Study objective: To determine retrospectively the effect of high-dose opiate-oxygen (O2) anesthetic technique on intraoperative ventricular fibrillation in high-risk neonates.
Design: Retrospective chart review of different anesthetic techniques in a partially contemporaneous patient group (1981 to 1983).
Setting: Cardiac anesthesia service at a university pediatric hospital.
Patients: Forty neonates undergoing Norwood Stage I repair of hypoplastic left heart syndrome.
Interventions: High-dose fentanyl-O2 anesthesia in 30 neonates and low-dose morphine sulfate 50%-nitrous oxide (N2O) in 10 neonates.

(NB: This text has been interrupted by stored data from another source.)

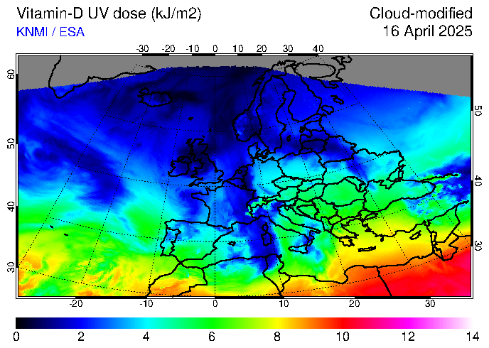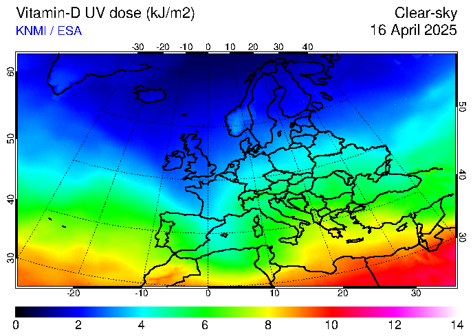 Vitamin-D UV dose of 16 April 2025
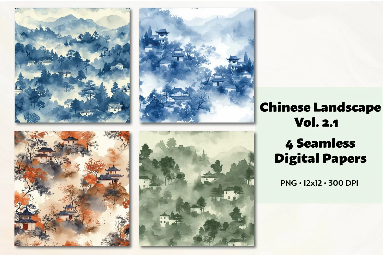 Introducing our collection of 4 beautiful watercolor Chinese landscape digital papers! Each design features a seamless repeating pattern that adds a touch of elegance to any project. With delicate colors that capture the essence of traditional Chinese landscapes, these papers are perfect for crafting, scrapbooking, and more. Instantly download and enhance your creative endeavors with these stunning digital papers. Transform your designs with the beauty of Chinese art, all at your fingertips!
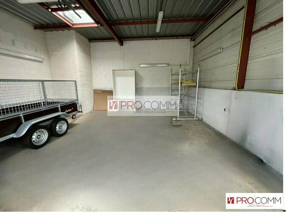 Un local d'activité de 110 m² comprenant des sanitaires et une porte sectionnelle.
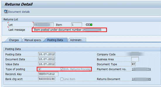 - The payment document to be reversed or the posting of a new receivable without reversing the payment document using the enhanced returns functionality
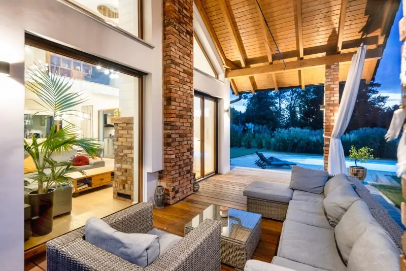 - Leave space for movement. Especially if you’re using folding or sliding doors, arrange furniture and paths so people can move freely between inside and out.
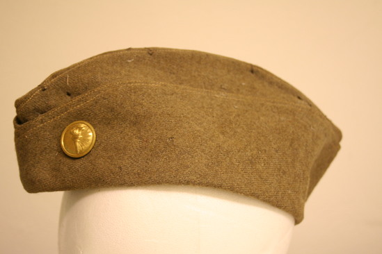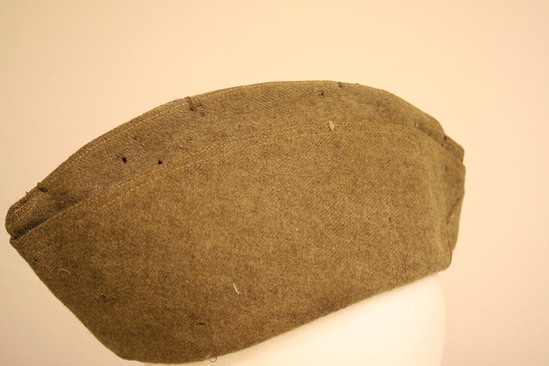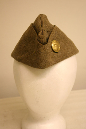 Olive drab garrison cap, World War II era. Folds flat with height less in front than back; on side, near front is circular gold pin with torch in front of starburst design (Torch of Knowledge insignia worn by ROTC cadets); hat has no lining and small cotton band on inside.
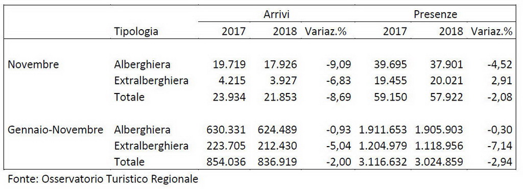 Dai dati si evince che nel mese di novembre gli arrivi nelle strutture alberghiere sono diminuiti del 9,09% e in quelle extralberghiere del 6,83%; le giornate di presenza hanno subìto un ridimensionamento solo nelle strutture alberghiere, -4,52%, mentre sono cresciute in quelle extralberghiere, +2,91%. Dall’analisi del periodo nel suo complesso, nelle strutture alberghiere gli arrivi hanno registrato una diminuzione dello 0,93% e le presenze dello 0,30%, in quelle extralberghiere i clienti si sono ridotti del 5,04% e le giornate di presenza del 7,14%.
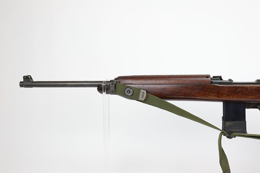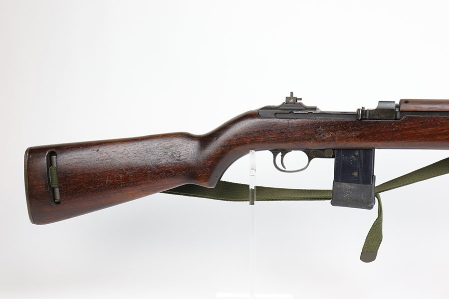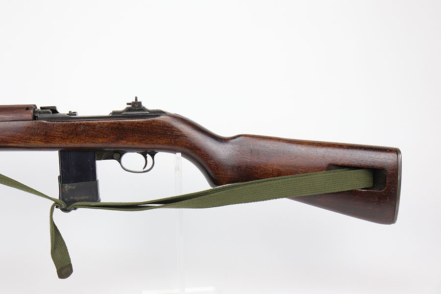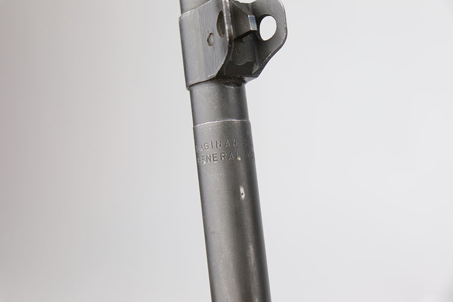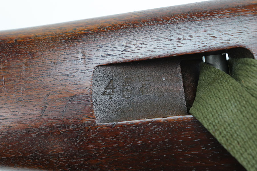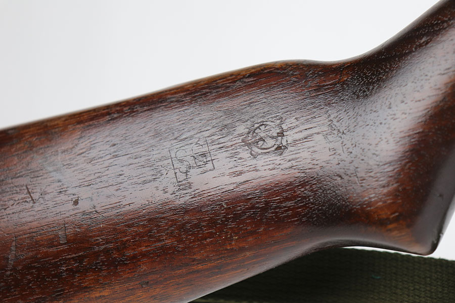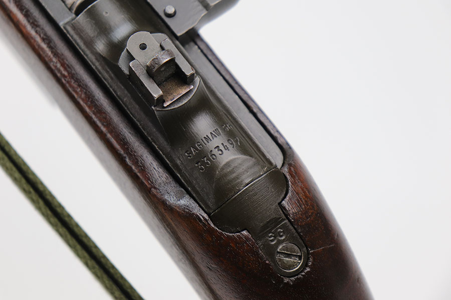 11/20/20 – This is a very nice and all original example of an M1 Carbine as produced in 1943 by Saginaw. Correct Saginaw proofed parts throughout, including barrel/receiver/stock. Only about 8.5% of the total M1 Carbine production was done by the Saginaw based plant. The finish on the metal parts is excellent overall with just one patch of thinning and freckling on the barrel to mention. The stock has several dings and nicks but no cracks or major chips. Excellent bore. Comes with period sling.
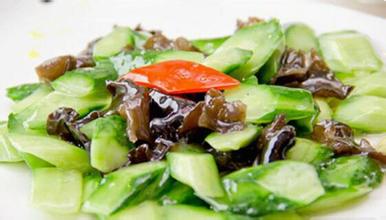 青瓜富含维生素、胡萝卜素和钙、磷、铁等营养成分,有美容护肤、清热解毒的食效,是时下非常受欢迎的时尚食材。在清洗青瓜时,可选择用盐水冲洗,这样做的好处是可以避免青瓜内的维生素流失。青瓜的烹法五花八门,蒸、焖、炒、煮皆可,这次推荐以红椒和木耳配搭炒制亦为风味。
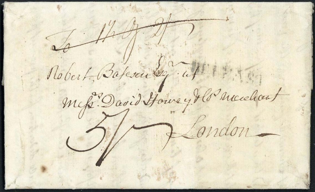 1777 (28 April) entire to London, endorsed "To 1½oz. 2/-" deleted and replaced by "5/-", black "belfast" handstamp, on reverse despatch and arrival Bishop marks; fine and early usage from Belfast
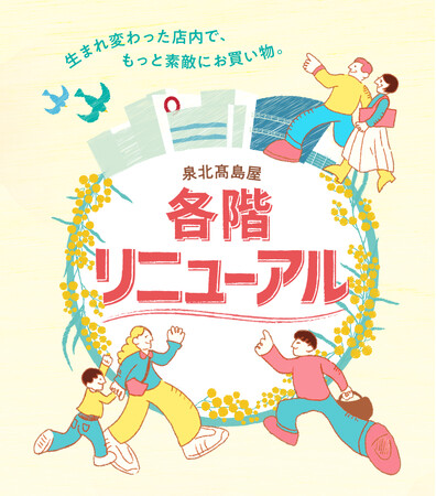 高島屋泉北店は、2026年3月11日(水)より順次、各階リニューアルオープンいたします(※一部売場は2月28日(土)より先行オープン)。泉ケ丘エリアのお客様の多様なライフスタイルに寄り添い、ファミリーで楽しめるファッションブランドなど新規9店舗に加え、7店舗をリニューアルいたします。駅周辺を中心に活性化が進む泉ケ丘エリアにおいて、本リニューアルを通じて、まちのにぎわい創出と地域活性化に貢献してまいります。

Measurements and main results: Clinical condition assessed by preoperative and intraoperative arterial blood gases, requirements for sodium bicarbonate (NaHCO3), need for inotropic and pressor support, and vital signs. Outcome assessments by intraoperative ventricular fibrillation (frequency before and after bypass) and hospital mortality. Clinical condition and hospital mortality were no different. The frequency of intraoperative ventricular fibrillation was significantly different: 3% with high-dose fentanyl and 50% with morphine-N2O (p less than 0.005).
Conclusions: High-dose opiate-O2 anesthesia in these patients markedly decreased intraoperative ventricular fibrillation. Other clinical reports and recent experimental work suggest that this finding is due to high-dose opiates rather than the avoidance of N2O.